The skill connects to X/Twitter using provided API credentials and the tweepy Python client to call v2 endpoints. It exposes CLI-style commands for posting tweets (with media), replying, creating threads, reading timelines/mentions/DMs, searching, fetching user/tweet details, and pulling tweet analytics. The implementation respects API tiers and rate limits, includes retry logic for transient failures, and requires OAuth 1.0a user context for DM/send operations.

When to use it

  • Post, schedule, or bulk-publish tweets and image/media attachments.
  • Read your timeline, mentions, or direct messages programmatically.
  • Reply to tweets or publish threaded content longer than 280 characters.
  • Search for tweets, users, or hashtags with advanced operators.
  • Retrieve engagement and analytics for specific tweets to measure performance.

Best practices

  • Store credentials securely (environment variables or a protected config file) and avoid committing keys to source control.
  • Use the bearer token for read-only operations; use OAuth 1.0a credentials for DMs and write actions when required.
  • Respect API rate limits and design retries with exponential backoff when receiving 429 or transient errors.
  • Keep media files within platform limits (images <5MB, GIFs <15MB, videos <512MB) and resize before upload.
  • Avoid posting duplicate content to prevent 422 errors; batch or schedule posts to stay under write quotas.

Example use cases

  • Post a single tweet or multiple-image tweet from a script or CI pipeline.
  • Monitor mentions and automatically reply or triage customer support messages.
  • Search recent tweets about a campaign hashtag and pull engagement metrics for reporting.
  • Send targeted DMs to users during a promo using OAuth user credentials.
  • Archive timeline or mentions periodically for backup and analysis.

FAQ

What credentials are required?

Provide API key, API secret, access token, and access secret for full read/write and DM capabilities; a bearer token suffices for many read-only operations.

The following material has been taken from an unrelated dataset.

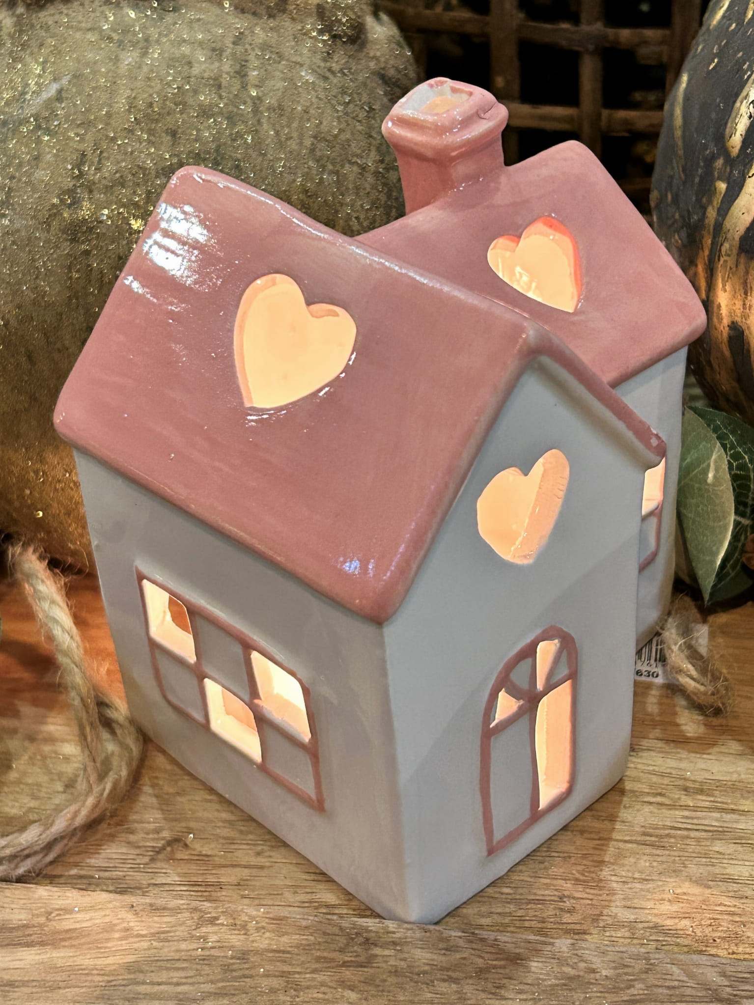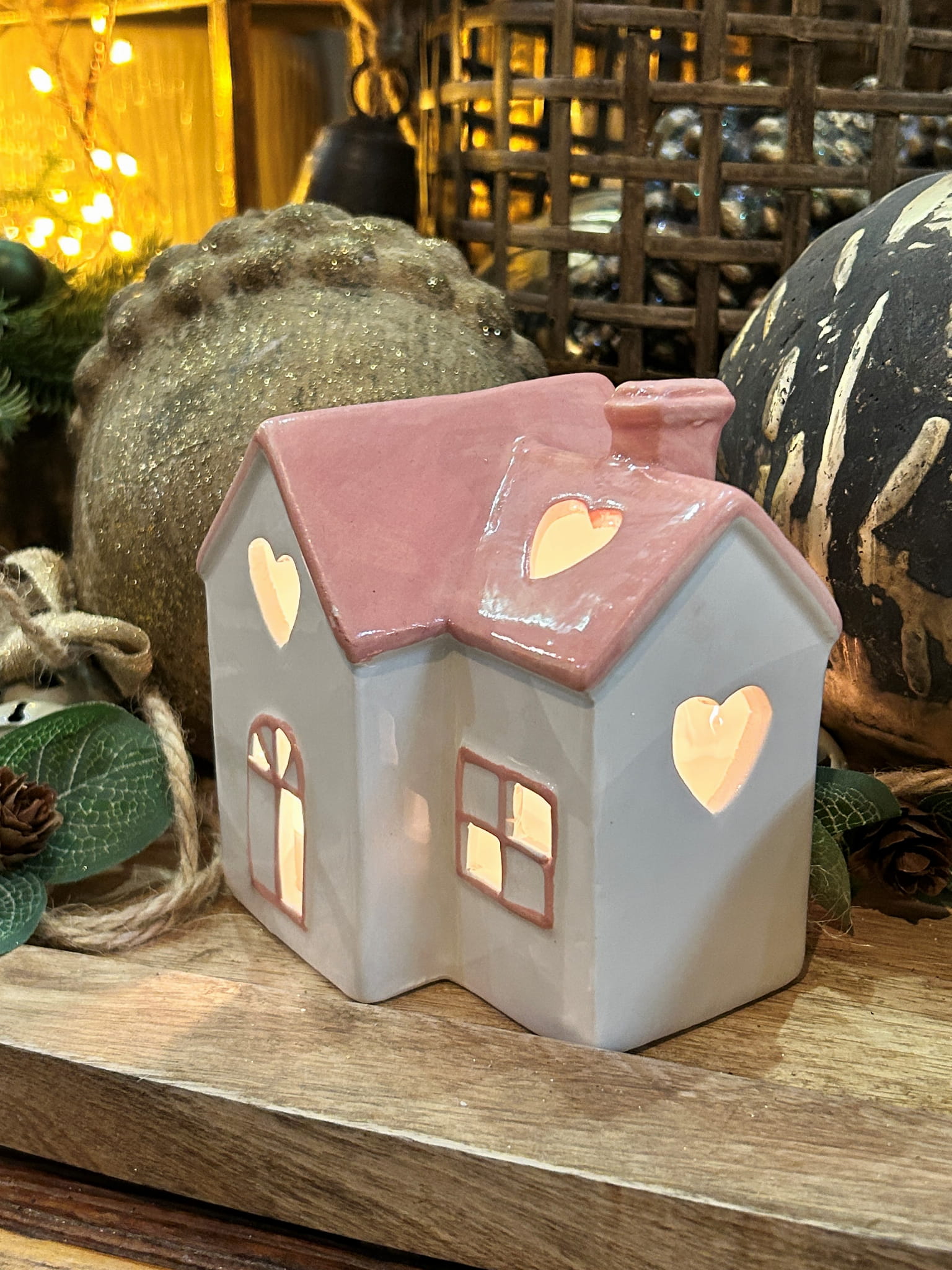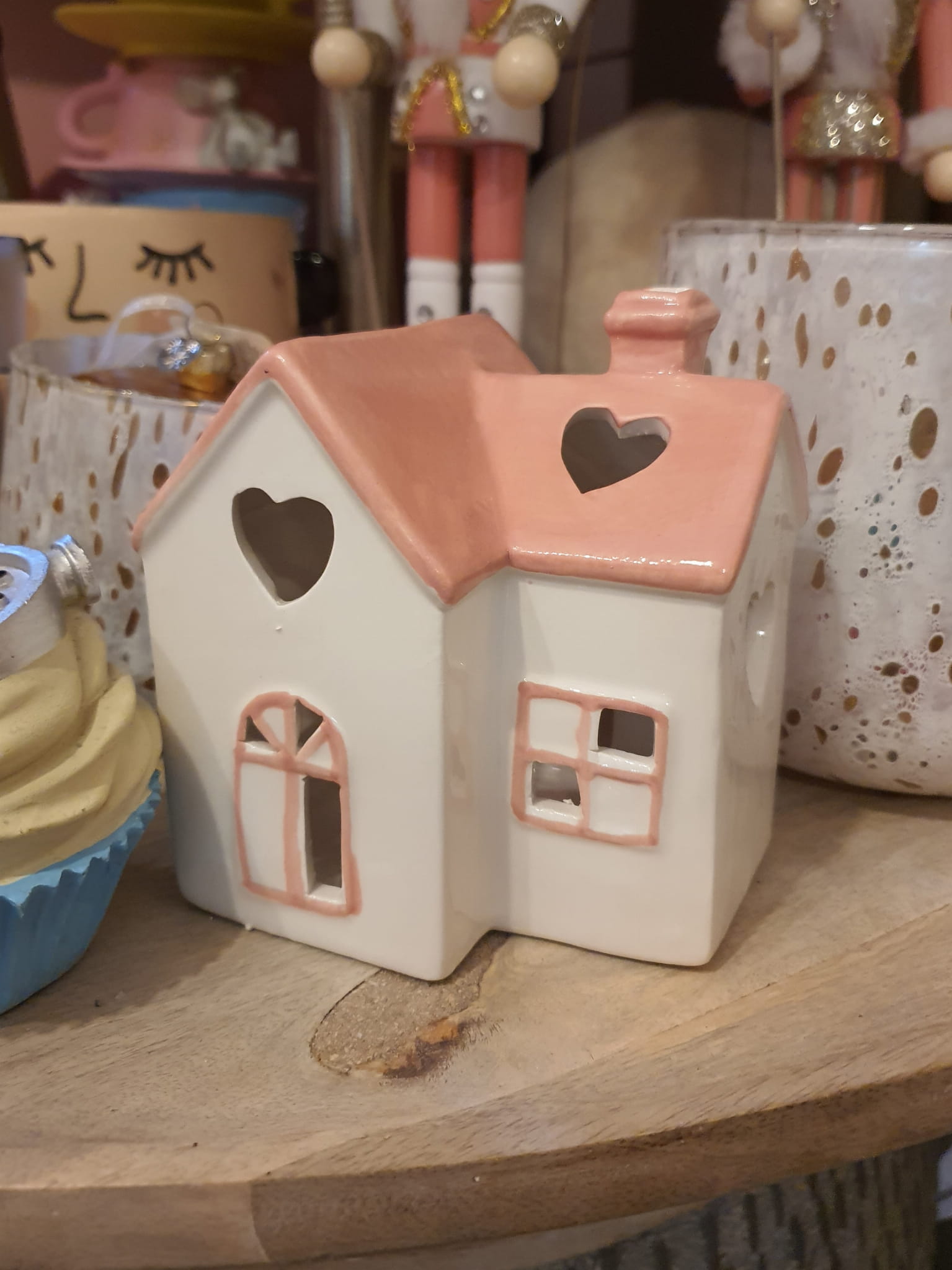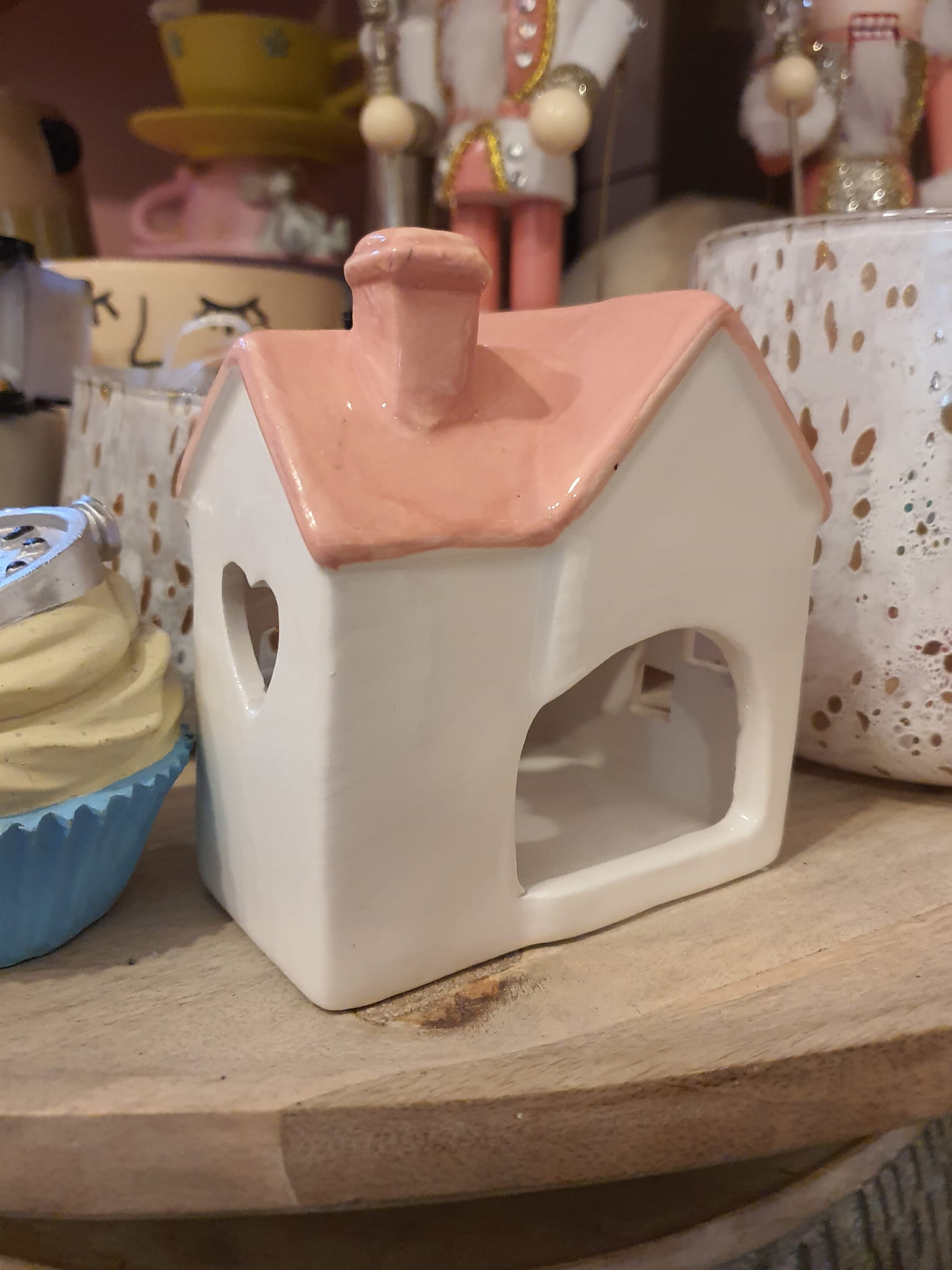 DOMEK CERAMICZNY BIAŁO-RÓŻOWY

Can I post media with tweets?

Yes. The skill supports image and video uploads within Twitter's size limits; multiple images and GIFs are supported per API rules.

What happens when I hit rate limits?

The scripts include retry logic, but you should implement exponential backoff and upgrade your API tier or reduce request frequency if limits are regularly reached.